View source: R/freeform_segments.R
aw_segment_table | R Documentation |
This is the equivalent of a freeform table with segments as the row
components. This type of table offers a few components that aw_freeform_table
does not. For example, this function does not require (or allow) dimensions
to be included in the breakdown.

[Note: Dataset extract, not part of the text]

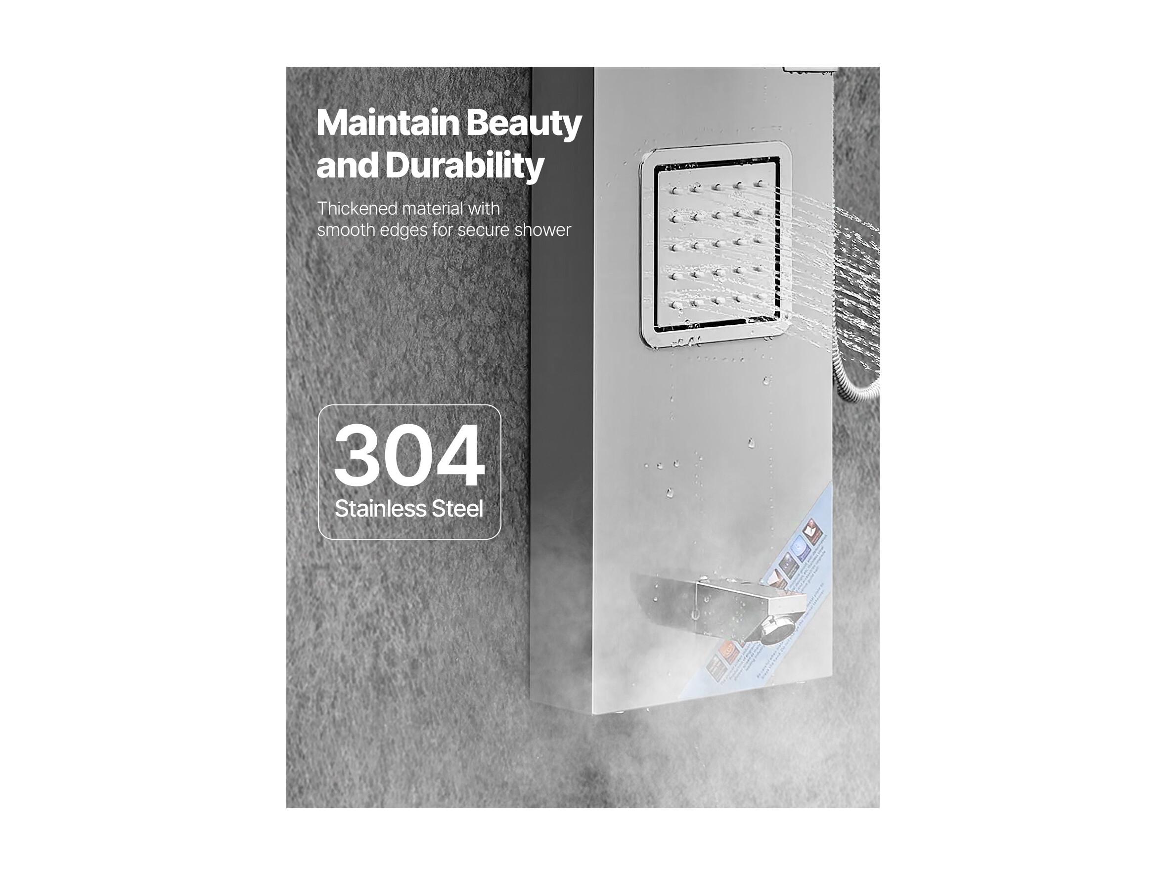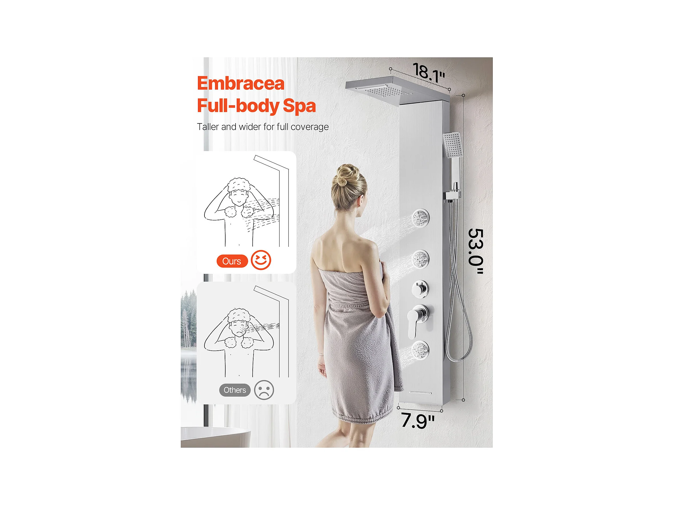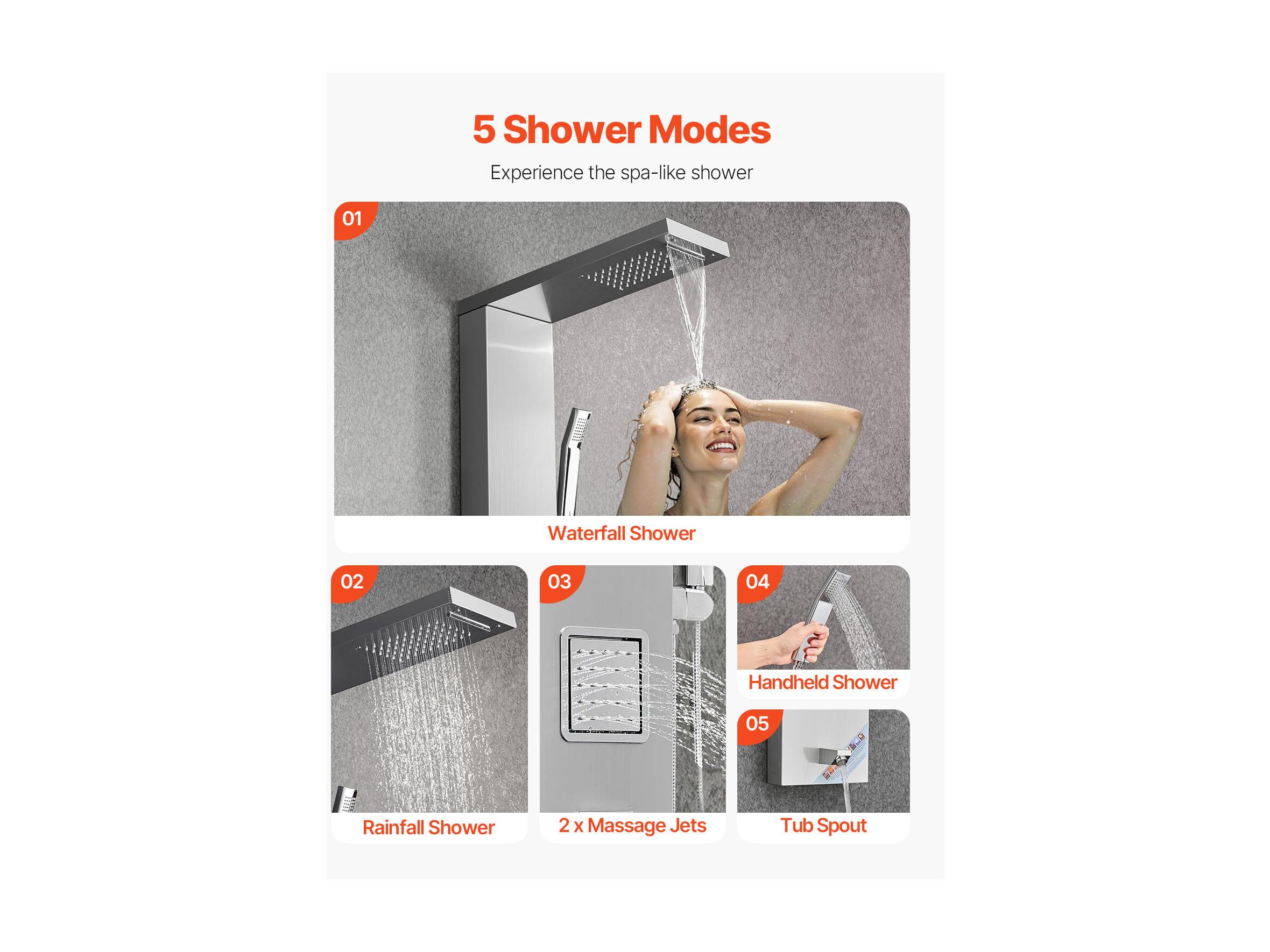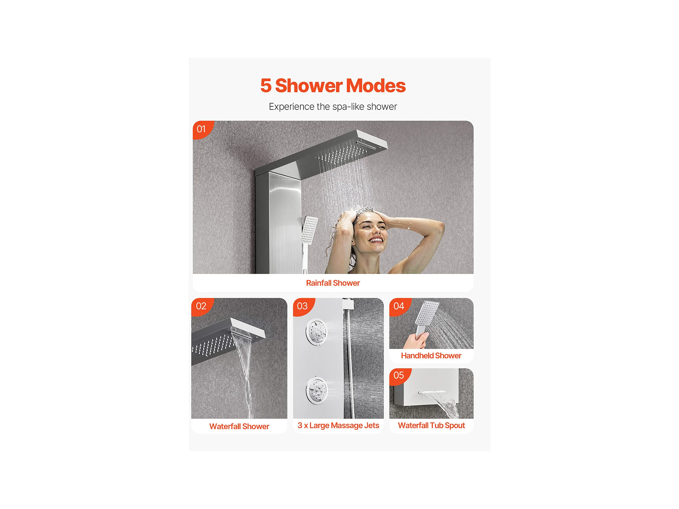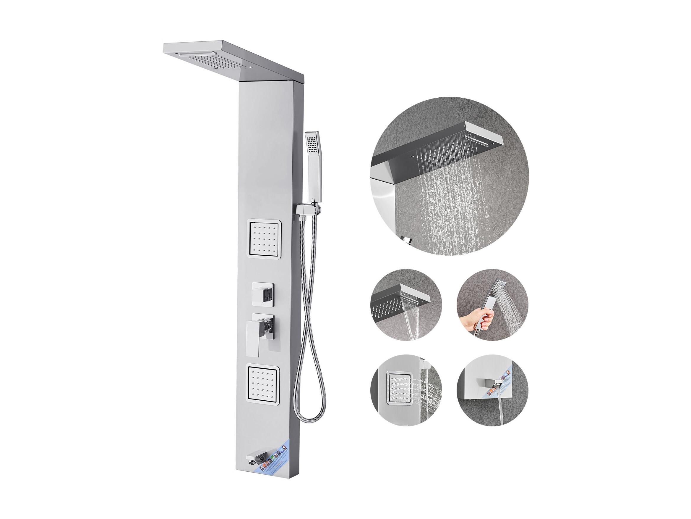Colonne de Douche SucceBuy, avec Pommeau de Ddouche Effet Pluie, Système de Panneau de Douchette Mural Haute Pression Acier Inox Brossé, Robinet 5 Fonctions

Segment IDs are automatically translated
into their human-readable names.
aw_segment_table(
company_id = Sys.getenv("AW_COMPANY_ID"),
rsid = Sys.getenv("AW_REPORTSUITE_ID"),
segmentRsids,
date_range = c(Sys.Date() - 30, Sys.Date() - 1),
metrics = c("visits", "visitors"),
globalSegment = NULL,
segmentIds = NULL,
debug = FALSE
)
company_id |
Company ID |
rsid |
Report suite ID for the data pull |
segmentRsids |
Deprecated. |
date_range |
Date range |
metrics |
Metrics to request for each segment |
globalSegment |
One or more segments to apply globally over all other segments |
segmentIds |
One or more segments that will compose the rows of the table |
debug |
Logical, whether to make verbose requests to the API and view the whole exchange |
This is a specialized function.
To see segments broken down by dimensions, we recommend making multiple
requests to aw_freeform_table
with different global segments applied, and
then row-binding them together yourself.
Unlike aw_freeform_table
, this function automatically handles the 10-metric
restriction imposed by the API.
In short, segments are cheap, metrics are expensive. Adding 1 metric is the equivalent of adding 10 segments, judging by the number of requests necessary to collect the data.
The function does not currently support segment breakdowns, but you can stack segments by applying a global segment to your query.
tibble::tibble()
of segments and metrics. Rows are returned with
segments in the order they were requested, not by metric sorting.